### Task item
Leave the pictures out and reproduce, exactly, the lines from the one with "language to support" through the end of the entries below.

[Source records]
BEGIN

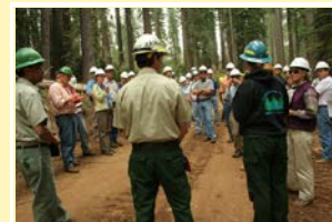
Collaboration between groups

language to support collaboration, share tools to prevent problems, and demonstrate interventions to support success when problems arise. These workshops are designed to support the building of a common knowledge base through mutual learning and discussion. UC Cooperative Extension has developed training modules for all levels of natural resource management staff and stakeholders interested in developing these skills.
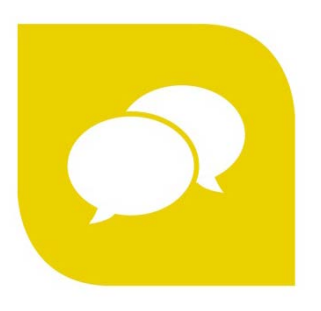
Staying Safe and Connected

Several cross-cutting issues impact the ability of seniors to stay connected to the community, including:
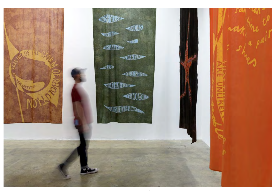
Soon (In 45 Years' Time) / Gan Mhoill (IgCionn 45 Bliain)
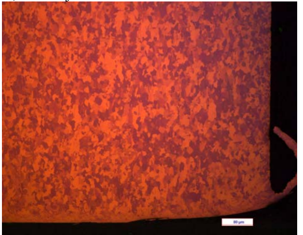
Fig. 4. CP Ti Band saw, as polished viewed in polarized light and sensitive tint, 5X objectiv

END

### Task response
language to support collaboration, share tools to prevent problems, and demonstrate interventions to support success when problems arise. These workshops are designed to support the building of a common knowledge base through mutual learning and discussion. UC Cooperative Extension has developed training modules for all levels of natural resource management staff and stakeholders interested in developing these skills.
Staying Safe and Connected

Several cross-cutting issues impact the ability of seniors to stay connected to the community, including:
Soon (In 45 Years' Time) / Gan Mhoill (IgCionn 45 Bliain)
Fig. 4. CP Ti Band saw, as polished viewed in polarized light and sensitive tint, 5X objectiv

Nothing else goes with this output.